- [Task instructions]: In the listing below, find the line containing "在镜头安装在机身上以后,镜头" and the line containing "Plus Size Christmas", then copy exactly everything from the first through the second, except the pictures.

- [Supplied records]:
_ _ _ _ _

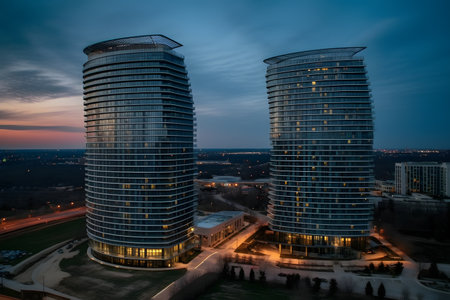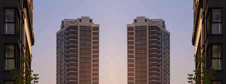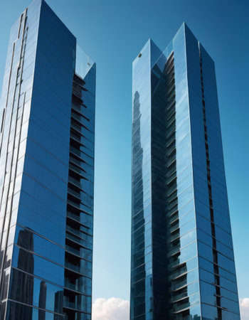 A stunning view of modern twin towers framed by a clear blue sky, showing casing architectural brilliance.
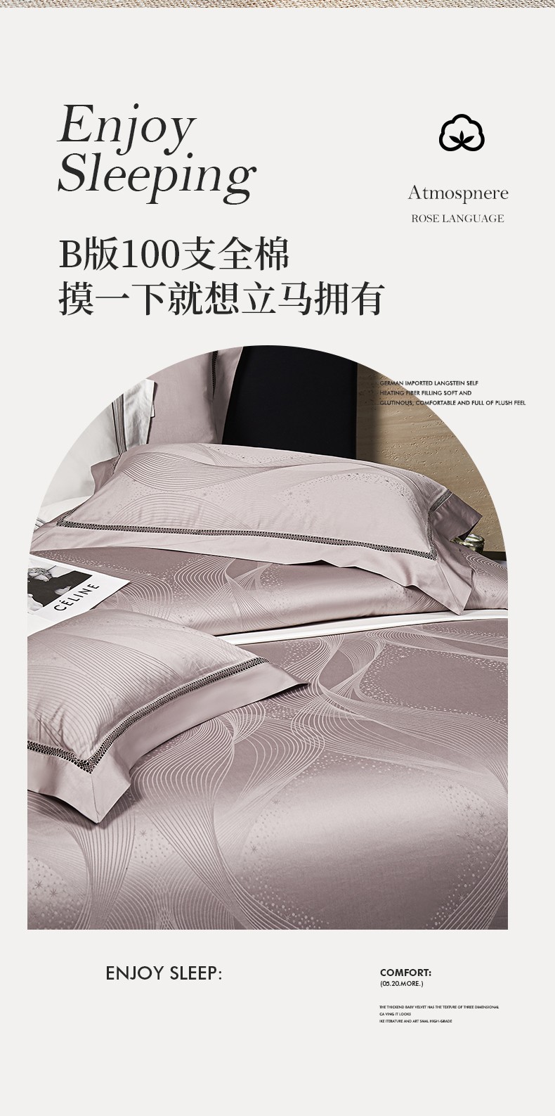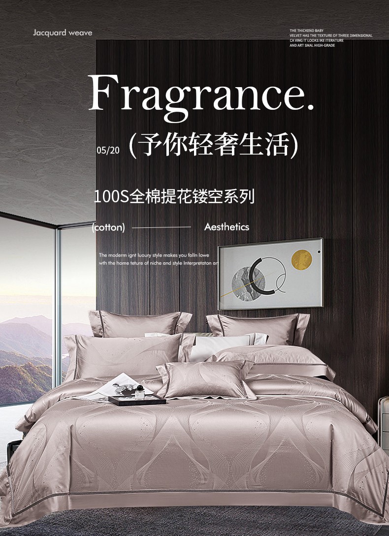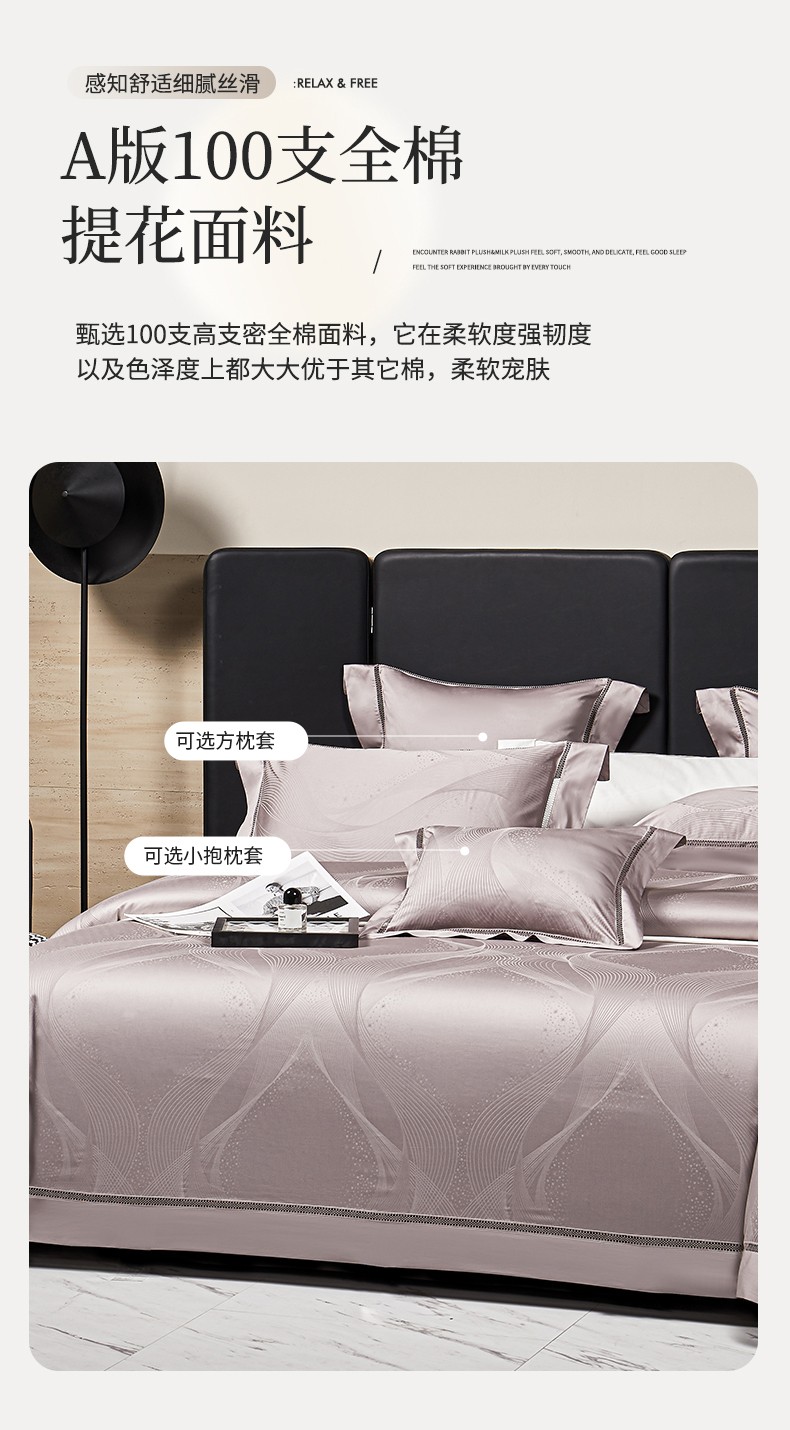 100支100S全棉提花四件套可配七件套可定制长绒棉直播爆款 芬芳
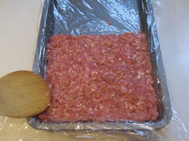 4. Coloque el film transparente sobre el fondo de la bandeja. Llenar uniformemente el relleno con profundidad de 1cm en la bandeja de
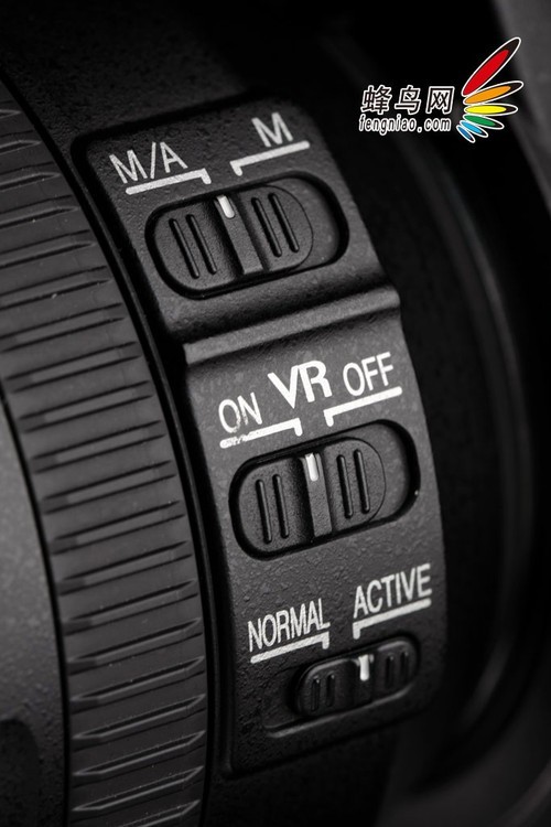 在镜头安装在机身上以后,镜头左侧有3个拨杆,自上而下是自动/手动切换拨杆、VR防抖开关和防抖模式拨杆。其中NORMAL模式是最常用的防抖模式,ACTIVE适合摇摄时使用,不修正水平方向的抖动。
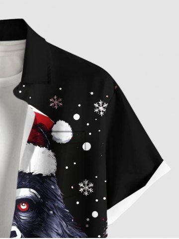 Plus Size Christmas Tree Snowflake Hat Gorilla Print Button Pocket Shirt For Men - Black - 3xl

_ _ _ _ _

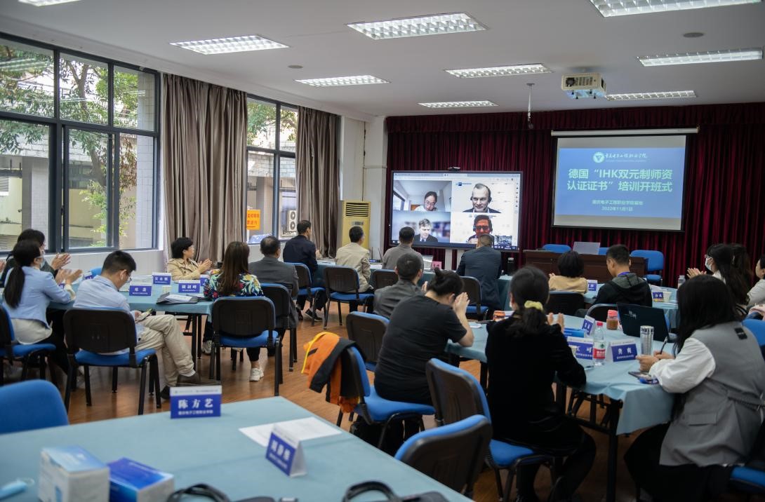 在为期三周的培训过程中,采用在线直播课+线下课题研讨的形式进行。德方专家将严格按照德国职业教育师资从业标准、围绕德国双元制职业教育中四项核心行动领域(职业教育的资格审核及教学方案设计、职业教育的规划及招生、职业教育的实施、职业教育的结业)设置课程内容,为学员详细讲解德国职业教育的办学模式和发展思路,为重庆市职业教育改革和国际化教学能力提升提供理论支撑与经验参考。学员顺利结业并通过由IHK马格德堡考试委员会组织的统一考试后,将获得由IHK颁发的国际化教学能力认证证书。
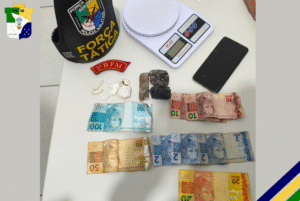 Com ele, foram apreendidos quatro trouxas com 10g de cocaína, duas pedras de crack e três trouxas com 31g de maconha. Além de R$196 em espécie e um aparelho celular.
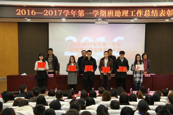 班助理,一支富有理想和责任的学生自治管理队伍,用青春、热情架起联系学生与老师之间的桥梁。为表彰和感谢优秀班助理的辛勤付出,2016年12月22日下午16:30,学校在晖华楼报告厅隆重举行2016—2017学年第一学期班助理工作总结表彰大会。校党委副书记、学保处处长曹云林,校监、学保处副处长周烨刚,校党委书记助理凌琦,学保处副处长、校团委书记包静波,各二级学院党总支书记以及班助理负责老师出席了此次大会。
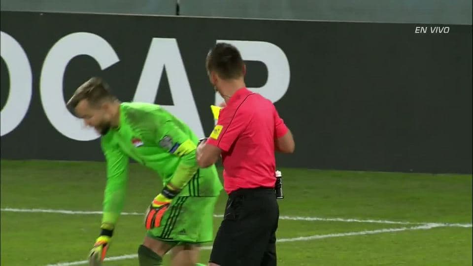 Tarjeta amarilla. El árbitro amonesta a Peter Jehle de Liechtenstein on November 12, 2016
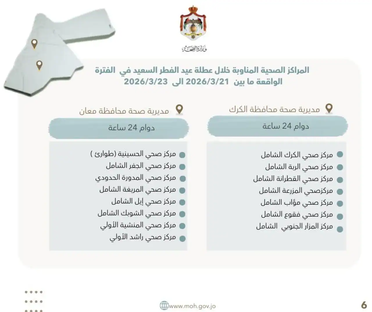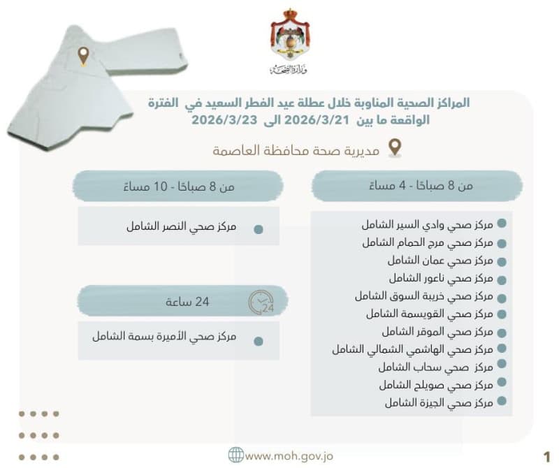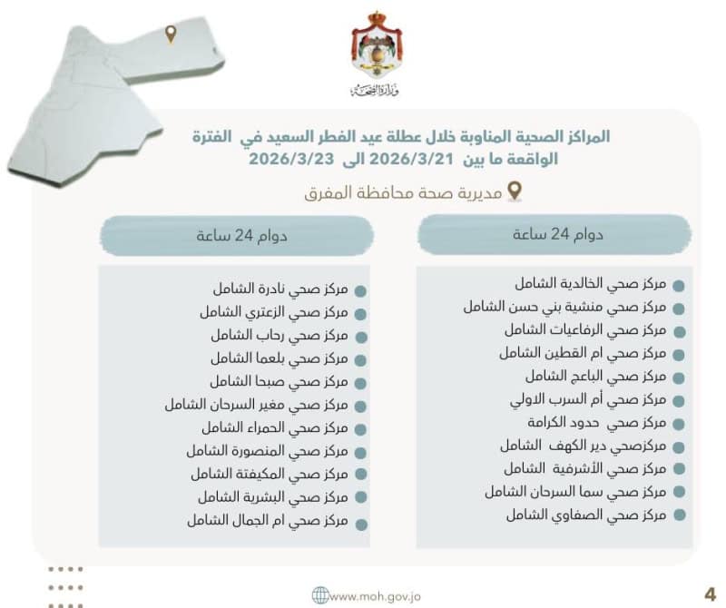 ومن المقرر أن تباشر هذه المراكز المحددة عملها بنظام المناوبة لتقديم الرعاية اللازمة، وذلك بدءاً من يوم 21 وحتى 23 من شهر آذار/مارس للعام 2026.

_ _ _ _ _

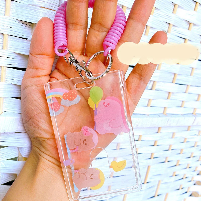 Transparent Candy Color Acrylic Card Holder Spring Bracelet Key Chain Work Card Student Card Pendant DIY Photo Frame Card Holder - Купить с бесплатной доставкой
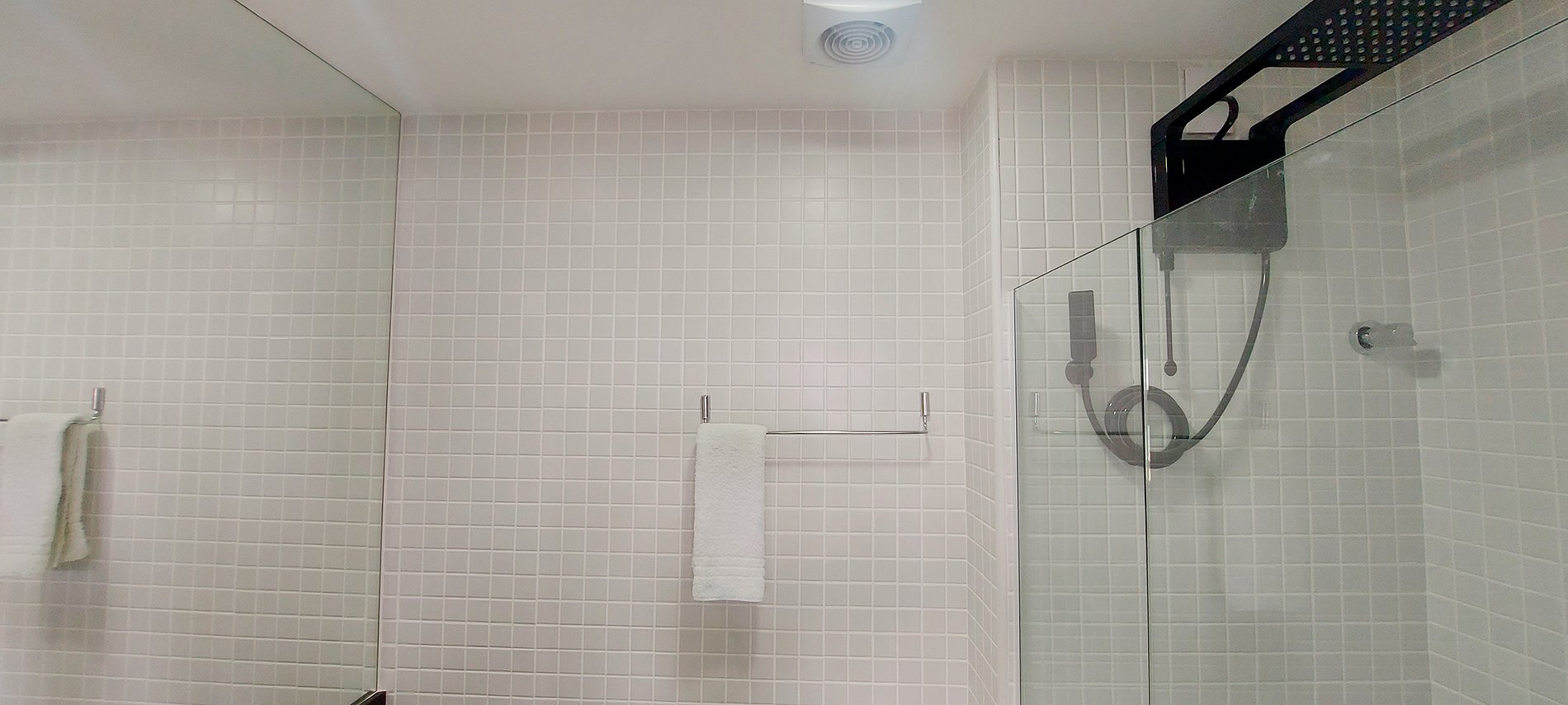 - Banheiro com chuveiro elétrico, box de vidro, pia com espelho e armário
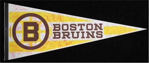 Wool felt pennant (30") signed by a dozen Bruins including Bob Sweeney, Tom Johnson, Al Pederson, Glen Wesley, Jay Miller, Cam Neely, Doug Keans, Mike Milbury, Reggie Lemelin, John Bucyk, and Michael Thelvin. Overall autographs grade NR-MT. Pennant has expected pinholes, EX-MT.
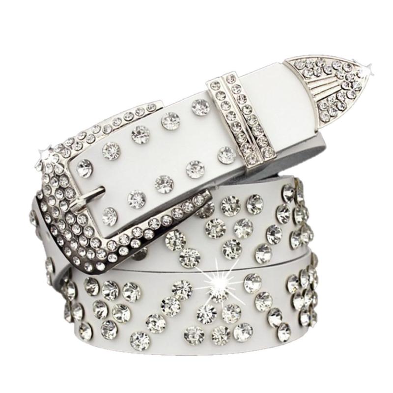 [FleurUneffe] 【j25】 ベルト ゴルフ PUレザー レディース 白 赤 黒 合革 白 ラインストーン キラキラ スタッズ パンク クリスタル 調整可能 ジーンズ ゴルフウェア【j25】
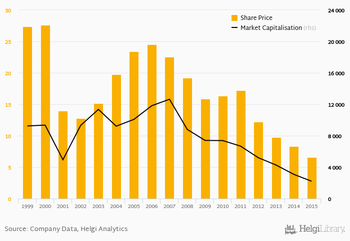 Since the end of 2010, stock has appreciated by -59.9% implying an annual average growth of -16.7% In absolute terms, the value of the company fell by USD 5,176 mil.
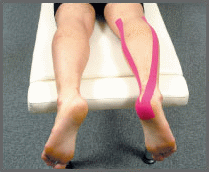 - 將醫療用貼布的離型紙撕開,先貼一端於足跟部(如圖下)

_ _ _ _ _

- [Problem solution]:
 在镜头安装在机身上以后,镜头左侧有3个拨杆,自上而下是自动/手动切换拨杆、VR防抖开关和防抖模式拨杆。其中NORMAL模式是最常用的防抖模式,ACTIVE适合摇摄时使用,不修正水平方向的抖动。
 Plus Size Christmas Tree Snowflake Hat Gorilla Print Button Pocket Shirt For Men - Black - 3xl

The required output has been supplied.